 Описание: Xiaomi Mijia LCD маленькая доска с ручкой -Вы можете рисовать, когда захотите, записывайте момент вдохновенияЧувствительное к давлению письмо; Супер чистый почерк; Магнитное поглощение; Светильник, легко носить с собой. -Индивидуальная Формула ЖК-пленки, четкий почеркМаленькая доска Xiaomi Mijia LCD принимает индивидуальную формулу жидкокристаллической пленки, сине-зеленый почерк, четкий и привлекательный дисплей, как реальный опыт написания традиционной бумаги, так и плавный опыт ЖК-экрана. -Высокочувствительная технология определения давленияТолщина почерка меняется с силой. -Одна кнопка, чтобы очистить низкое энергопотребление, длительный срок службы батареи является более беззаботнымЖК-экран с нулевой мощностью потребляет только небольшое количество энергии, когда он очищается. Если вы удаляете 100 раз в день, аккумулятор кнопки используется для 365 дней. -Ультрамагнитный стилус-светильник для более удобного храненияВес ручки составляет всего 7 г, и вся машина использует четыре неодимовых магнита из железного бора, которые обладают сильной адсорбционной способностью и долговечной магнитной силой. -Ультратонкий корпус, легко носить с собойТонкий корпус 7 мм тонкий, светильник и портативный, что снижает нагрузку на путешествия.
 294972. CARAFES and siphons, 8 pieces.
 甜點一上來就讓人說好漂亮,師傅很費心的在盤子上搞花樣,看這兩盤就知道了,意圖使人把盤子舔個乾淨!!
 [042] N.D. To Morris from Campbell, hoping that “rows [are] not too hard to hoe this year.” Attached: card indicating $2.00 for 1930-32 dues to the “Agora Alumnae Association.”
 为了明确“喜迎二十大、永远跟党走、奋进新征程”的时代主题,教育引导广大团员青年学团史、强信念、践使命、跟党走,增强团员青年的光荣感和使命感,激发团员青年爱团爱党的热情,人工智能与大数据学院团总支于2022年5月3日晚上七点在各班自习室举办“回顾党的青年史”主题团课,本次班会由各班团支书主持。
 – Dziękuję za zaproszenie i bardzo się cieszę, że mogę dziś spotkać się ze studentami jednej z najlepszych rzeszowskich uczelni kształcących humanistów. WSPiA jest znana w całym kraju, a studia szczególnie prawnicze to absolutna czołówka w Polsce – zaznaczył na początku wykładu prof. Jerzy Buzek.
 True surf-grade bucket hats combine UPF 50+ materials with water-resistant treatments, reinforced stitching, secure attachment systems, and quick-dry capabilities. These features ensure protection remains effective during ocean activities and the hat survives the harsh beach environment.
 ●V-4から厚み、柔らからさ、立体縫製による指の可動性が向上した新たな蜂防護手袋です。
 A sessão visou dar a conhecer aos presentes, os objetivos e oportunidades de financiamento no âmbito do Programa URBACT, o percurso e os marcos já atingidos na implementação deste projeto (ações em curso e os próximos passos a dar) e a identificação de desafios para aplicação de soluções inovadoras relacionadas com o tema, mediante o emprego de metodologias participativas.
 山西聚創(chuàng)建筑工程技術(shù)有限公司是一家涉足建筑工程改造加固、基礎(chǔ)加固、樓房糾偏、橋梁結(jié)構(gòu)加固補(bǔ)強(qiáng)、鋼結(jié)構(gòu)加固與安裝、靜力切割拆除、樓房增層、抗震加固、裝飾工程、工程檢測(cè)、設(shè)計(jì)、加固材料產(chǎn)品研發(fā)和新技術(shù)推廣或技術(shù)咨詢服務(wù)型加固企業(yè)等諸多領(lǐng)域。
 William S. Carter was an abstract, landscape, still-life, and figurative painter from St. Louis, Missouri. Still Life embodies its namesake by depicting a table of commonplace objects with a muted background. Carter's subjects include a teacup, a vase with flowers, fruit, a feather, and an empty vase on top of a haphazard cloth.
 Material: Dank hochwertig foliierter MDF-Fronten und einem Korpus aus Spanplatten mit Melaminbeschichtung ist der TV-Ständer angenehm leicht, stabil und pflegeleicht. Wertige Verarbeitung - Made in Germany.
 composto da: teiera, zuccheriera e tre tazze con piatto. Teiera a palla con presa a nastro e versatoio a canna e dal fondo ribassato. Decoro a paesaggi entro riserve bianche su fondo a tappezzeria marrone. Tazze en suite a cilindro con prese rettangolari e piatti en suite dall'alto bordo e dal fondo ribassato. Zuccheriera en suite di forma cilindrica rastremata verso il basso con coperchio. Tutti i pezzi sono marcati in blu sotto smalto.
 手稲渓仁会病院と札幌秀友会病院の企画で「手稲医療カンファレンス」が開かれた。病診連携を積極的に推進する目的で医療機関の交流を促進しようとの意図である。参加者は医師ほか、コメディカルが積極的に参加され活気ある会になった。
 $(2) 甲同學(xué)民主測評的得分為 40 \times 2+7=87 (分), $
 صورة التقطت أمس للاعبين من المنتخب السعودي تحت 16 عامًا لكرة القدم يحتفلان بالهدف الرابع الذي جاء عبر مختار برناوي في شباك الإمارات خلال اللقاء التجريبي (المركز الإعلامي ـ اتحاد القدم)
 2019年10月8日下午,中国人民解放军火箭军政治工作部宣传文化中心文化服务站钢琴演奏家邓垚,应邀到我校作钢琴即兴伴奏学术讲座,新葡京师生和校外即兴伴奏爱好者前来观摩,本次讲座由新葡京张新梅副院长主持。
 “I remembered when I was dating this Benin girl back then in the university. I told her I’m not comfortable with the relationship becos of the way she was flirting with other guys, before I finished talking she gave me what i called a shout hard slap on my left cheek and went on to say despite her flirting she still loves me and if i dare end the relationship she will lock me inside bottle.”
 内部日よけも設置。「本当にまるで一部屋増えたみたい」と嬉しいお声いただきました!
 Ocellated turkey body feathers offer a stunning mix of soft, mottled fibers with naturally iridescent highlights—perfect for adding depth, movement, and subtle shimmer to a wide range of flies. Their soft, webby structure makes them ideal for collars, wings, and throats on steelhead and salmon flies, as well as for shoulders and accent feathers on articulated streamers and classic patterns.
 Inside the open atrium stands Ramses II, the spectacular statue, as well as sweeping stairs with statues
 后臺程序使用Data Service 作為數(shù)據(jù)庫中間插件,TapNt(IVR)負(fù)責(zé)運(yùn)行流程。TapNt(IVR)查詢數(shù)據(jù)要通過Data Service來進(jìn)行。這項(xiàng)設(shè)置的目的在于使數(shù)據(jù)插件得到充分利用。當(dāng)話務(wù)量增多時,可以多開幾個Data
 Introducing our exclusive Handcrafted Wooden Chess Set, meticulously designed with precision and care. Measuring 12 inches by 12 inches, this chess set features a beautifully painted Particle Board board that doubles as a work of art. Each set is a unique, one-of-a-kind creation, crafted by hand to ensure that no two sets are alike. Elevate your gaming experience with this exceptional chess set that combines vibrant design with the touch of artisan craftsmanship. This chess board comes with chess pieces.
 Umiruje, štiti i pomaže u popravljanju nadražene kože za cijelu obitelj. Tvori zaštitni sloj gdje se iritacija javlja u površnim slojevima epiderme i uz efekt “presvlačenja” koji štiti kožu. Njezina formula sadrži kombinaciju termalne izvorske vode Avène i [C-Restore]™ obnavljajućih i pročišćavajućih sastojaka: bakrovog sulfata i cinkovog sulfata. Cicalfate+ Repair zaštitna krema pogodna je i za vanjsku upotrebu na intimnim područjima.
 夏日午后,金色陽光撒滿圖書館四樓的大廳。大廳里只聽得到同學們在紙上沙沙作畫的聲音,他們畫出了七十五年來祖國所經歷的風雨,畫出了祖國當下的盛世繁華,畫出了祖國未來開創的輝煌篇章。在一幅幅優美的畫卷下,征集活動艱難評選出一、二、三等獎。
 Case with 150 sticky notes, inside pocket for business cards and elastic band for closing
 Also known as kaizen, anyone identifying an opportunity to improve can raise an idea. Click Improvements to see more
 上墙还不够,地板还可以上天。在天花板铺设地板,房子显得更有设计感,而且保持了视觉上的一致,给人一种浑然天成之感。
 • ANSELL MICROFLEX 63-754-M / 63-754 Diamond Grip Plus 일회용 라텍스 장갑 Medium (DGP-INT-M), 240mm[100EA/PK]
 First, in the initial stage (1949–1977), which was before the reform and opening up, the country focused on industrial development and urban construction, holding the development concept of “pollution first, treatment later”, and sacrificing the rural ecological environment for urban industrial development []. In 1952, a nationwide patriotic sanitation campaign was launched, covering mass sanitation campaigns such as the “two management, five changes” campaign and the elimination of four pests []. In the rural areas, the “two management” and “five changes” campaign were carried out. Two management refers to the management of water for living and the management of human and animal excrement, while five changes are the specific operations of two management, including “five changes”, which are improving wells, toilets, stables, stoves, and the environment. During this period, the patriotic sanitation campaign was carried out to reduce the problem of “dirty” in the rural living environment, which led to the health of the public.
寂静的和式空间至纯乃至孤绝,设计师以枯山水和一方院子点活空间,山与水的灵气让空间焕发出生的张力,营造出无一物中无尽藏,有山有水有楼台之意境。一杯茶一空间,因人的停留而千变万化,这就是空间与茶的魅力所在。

•••••

In the entries above, find the line with "手稲渓仁会病院と札幌秀友会病" and the line with "Inside the open", then restate word for word both of them and every line between, with nothing more.

 手稲渓仁会病院と札幌秀友会病院の企画で「手稲医療カンファレンス」が開かれた。病診連携を積極的に推進する目的で医療機関の交流を促進しようとの意図である。参加者は医師ほか、コメディカルが積極的に参加され活気ある会になった。
 $(2) 甲同學(xué)民主測評的得分為 40 \times 2+7=87 (分), $
 صورة التقطت أمس للاعبين من المنتخب السعودي تحت 16 عامًا لكرة القدم يحتفلان بالهدف الرابع الذي جاء عبر مختار برناوي في شباك الإمارات خلال اللقاء التجريبي (المركز الإعلامي ـ اتحاد القدم)
 2019年10月8日下午,中国人民解放军火箭军政治工作部宣传文化中心文化服务站钢琴演奏家邓垚,应邀到我校作钢琴即兴伴奏学术讲座,新葡京师生和校外即兴伴奏爱好者前来观摩,本次讲座由新葡京张新梅副院长主持。
 “I remembered when I was dating this Benin girl back then in the university. I told her I’m not comfortable with the relationship becos of the way she was flirting with other guys, before I finished talking she gave me what i called a shout hard slap on my left cheek and went on to say despite her flirting she still loves me and if i dare end the relationship she will lock me inside bottle.”
 内部日よけも設置。「本当にまるで一部屋増えたみたい」と嬉しいお声いただきました!
 Ocellated turkey body feathers offer a stunning mix of soft, mottled fibers with naturally iridescent highlights—perfect for adding depth, movement, and subtle shimmer to a wide range of flies. Their soft, webby structure makes them ideal for collars, wings, and throats on steelhead and salmon flies, as well as for shoulders and accent feathers on articulated streamers and classic patterns.
 Inside the open atrium stands Ramses II, the spectacular statue, as well as sweeping stairs with statues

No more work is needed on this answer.